Площадь посреди города большая и пыльная. Посреди нее круглый год стоит лужа, откуда недавно вытащили бывшего помещика Дмитрия Дмитриевича Теплова в нетрезвом виде, — попал туда нечаянно.
На площади — три примечательные постройки: кирпичная, крытая ярко-зеленой крышей лавка Ильи Ильича Бабина, напротив нее — церковный дом с палисадником, куда под вечер выходят поп Иван с попадьей — садятся на лавочку и благодушествуют, и у самой реки, подпертая с заднего фасада сваями, стоит деревянная, в два этажа, облупленная гостиница ‘Ставрополь’, видная издалече при въезде в город. Под вечер в гостинице, во втором этаже, в номере с окном на площадь, сидят обычно бывший помещик Дмитрий Дмитриевич Теплое и напротив него, на диване, — его друг. Языков, тоже бывший помещик, и пьют водочку. Денег у обоих давно уж нет, и дела тоже нет никакого.
Языков поднимает дрожащей рукой рюмку, медленно выпивает ее и, вздохнув, глядит на пыльное окошко. У него длинное, грустное, пыльное лицо и подстриженные усики. Он покусывает их и молчит. Говорить не о чем, — все давным-давно переговорено.
Теплов, наваливаясь большим, в пестром жилете, животом на ветхий овальный столик, пытается вызвать друга на разговор. Иногда это удается, иногда Языков так и промолчит весь вечер. Но у Теплова раз и навсегда припасен ядовитый разговорчик, на который друг его никак уж не может промолчать.
Теплов выпивает, — хлопает пташку, — затем, вытянув губы, выдыхает из себя спиртную крепость, закусывает кусочком давно остывшего шнельклопса, разваливается, закинув руку за спинку кресла, и на лице его, полном, с висячим подбородком, с горбатым носом, как у попугая, с выпученными, мешкастыми, серыми глазами, изображается недоумение.
— Скажи, пожалуйста, Коленька, — говорит он гнусавя, — все-таки, в конце концов, как ты — женат или не женат?
Языков отвечает через некоторое время басом:
— Женат.
— Вот как?
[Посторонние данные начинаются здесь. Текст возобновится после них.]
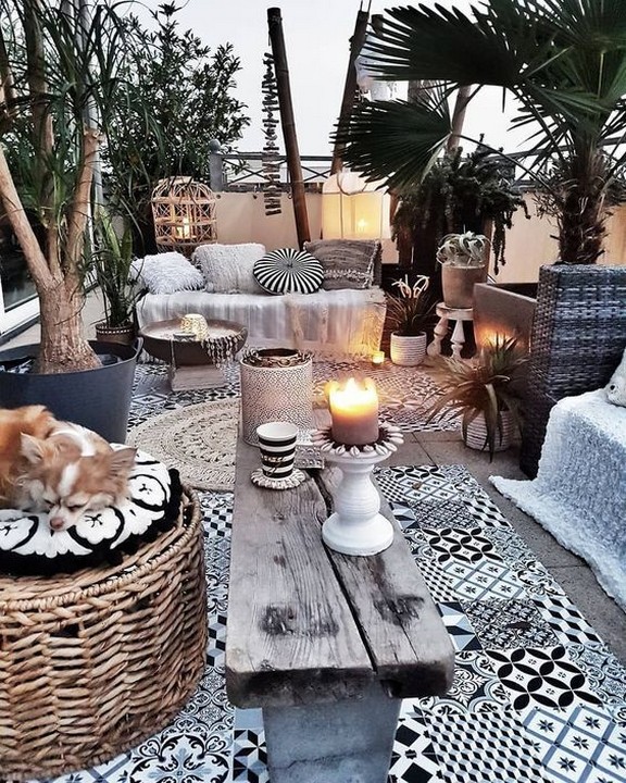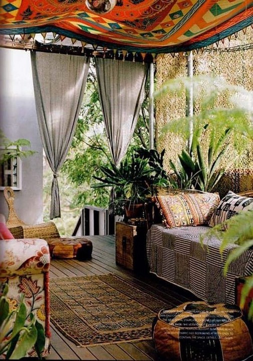 Incorporate vibrant, colorful fabrics through outdoor rugs, cushions, and hanging drapes. Look for patterns like paisley, Moroccan prints, and tie-dye.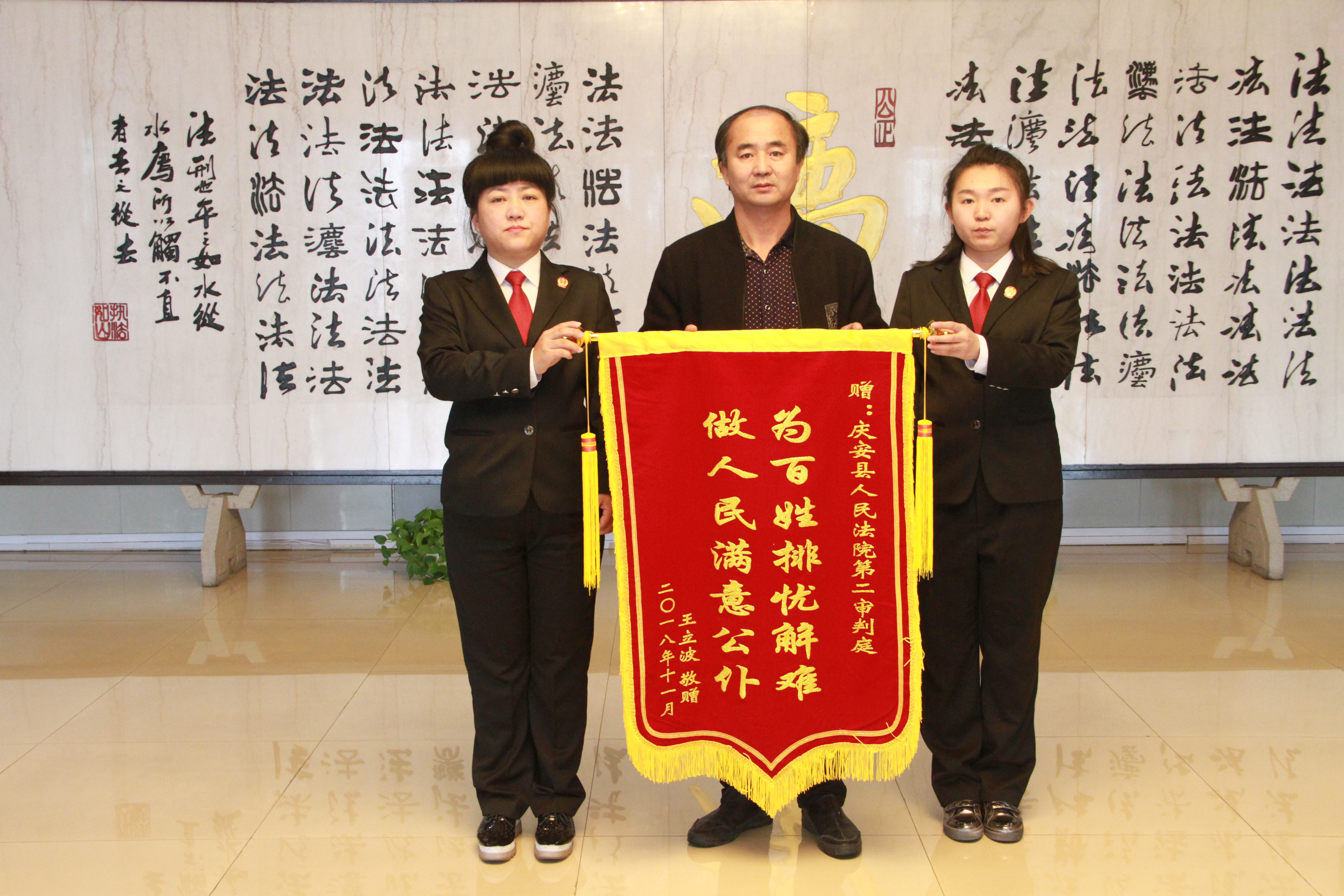 11月21日一大早,王先生就来到庆安法院,把一面绣有“为百姓排忧解难、做人民满意公仆”的锦旗,送到法官李慧颖的手上,发自肺腑地说:“谢谢你李法官,我五十多岁了,头一次打官司,没想到遇到了你这么好的法官,案件处理得这么好、这么快,为我解决了闹心事,真是太谢谢你了!”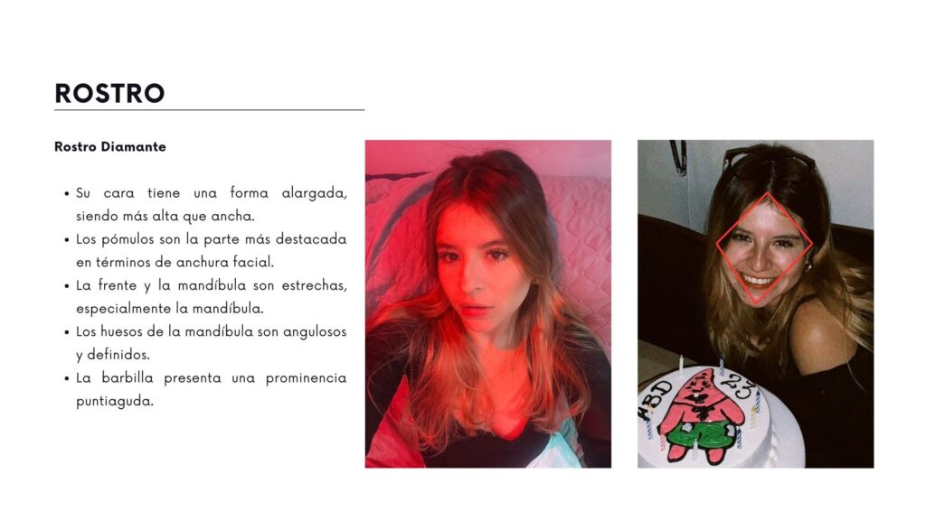 La idea es hacer un análisis detallado de quién es Andrea, sus rutinas, gustos y preferencias, sus entornos sociales y laborales, y su proyección personal y profesional. Luego, realizaremos un análisis corporal: su tipología de cuerpo, su tipología de rostro, análisis de rasgos, su metabolismo corporal, rutinas de cuidado corporal, hábitos de alimentación y ejercicio, para poder dar una retroalimentación y comenzar a construir juntas.

А скажи, пожалуйста, все-таки, в конце концов, где у тебя жена?
— В Москве.
— В каком она театре-то играет, я опять забыл?
— У Корша.
— А как ты думаешь, Коля, прости меня, пожалуйста, ведь она тебе изменяет?
— Вероятно.
Теплов ударяет себя по коленкам и крутит головой:
— Эх, жизнь проклятая… Слушай, Коля, — выпьем.
— Выпьем.
В коридоре половой чистит ершиком стекло, зажигает лампу, и желтоватый свет ее ложится в щель приоткрытой двери. Из коридора тянет жареным. Теплов грузно поворачивается к двери.
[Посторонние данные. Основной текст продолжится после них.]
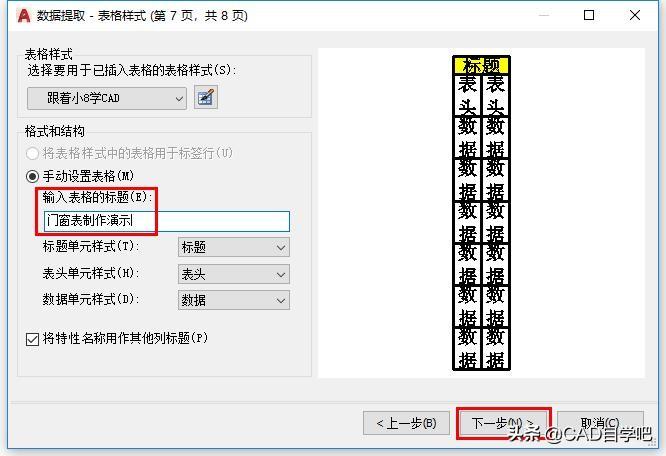 设置“✔将数据提取处理表插入图形”,将生成的表格插入到CAD当前文件内;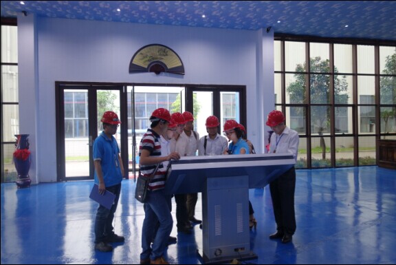 各位教授、老師仔細考察奮安型材生產的每道工序。目前我司擁有數十臺先進的擠壓設備,同時擁有多條高效能、高品質的立式噴涂線和立式木紋噴涂線、立式氧化電泳線、自動包裝線、自動輸送線等先進的生產設備;此外,還擁有全亞洲第一條月產量5000T全自動立式氧化電泳線,設備先進、品質卓越。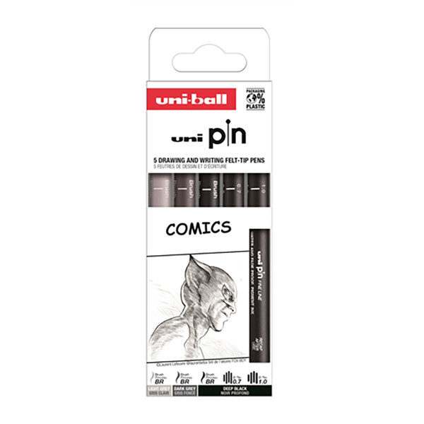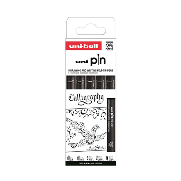 Az UNI Pin műszaki tűfilcei, és vágott végű filcei száradás után fény- és vízállóak lesznek, így kiváló választás akár akvarellhez is. Ezt a készletet kifejezetten kalligráfiához állították össze. A készlet 2 tűfilcet (0.1 és 0.5) és 3 darab vágott végű filcet tartalmaz (1.0, 2.0 és 3.0). A tűfilc ideális lehet díszítésre, rajzolásra. A vágott végű filcek ideálisak szögletesebb, gótikus stílusú betűk írására.

— Дай срок, — говорит он, — я этому подлецу буфетчику покажу кузькину мать. Эй, Алешка!
По коридору расторопно шаркают вихлястые шаги, и в дверях, весь криво-накосо, появляется половой с подносом под мышкой, в красной рубахе и в разодранном фраке поверх. Теплов тяжело смотрит на него:
— Поди к буфетчику, прикажи подать еще порцию шнельклопса.
— Обойдетесь, — отчетливо говорит Алешка, захватывает грязную тарелку и, уходя, ловко — ногой — прикрывает за собой дверь.
Теплов некоторое время ругает буфетчика и Алешку. Водка выпита. Языков молчит. Теплов начинает врать о том, что он на будущей неделе перепродаст наумовского жеребца Ильюшке Бабину и заработает двести целковых.
— Нет, я не прожил, меня кредиторы съели. А ты чигири какие-то строил. Зачем тебе чигирь понадобился? Вот из-за этого-то тебя и жена бросила. Как ты смеешь мне не верить, что я жеребца продам!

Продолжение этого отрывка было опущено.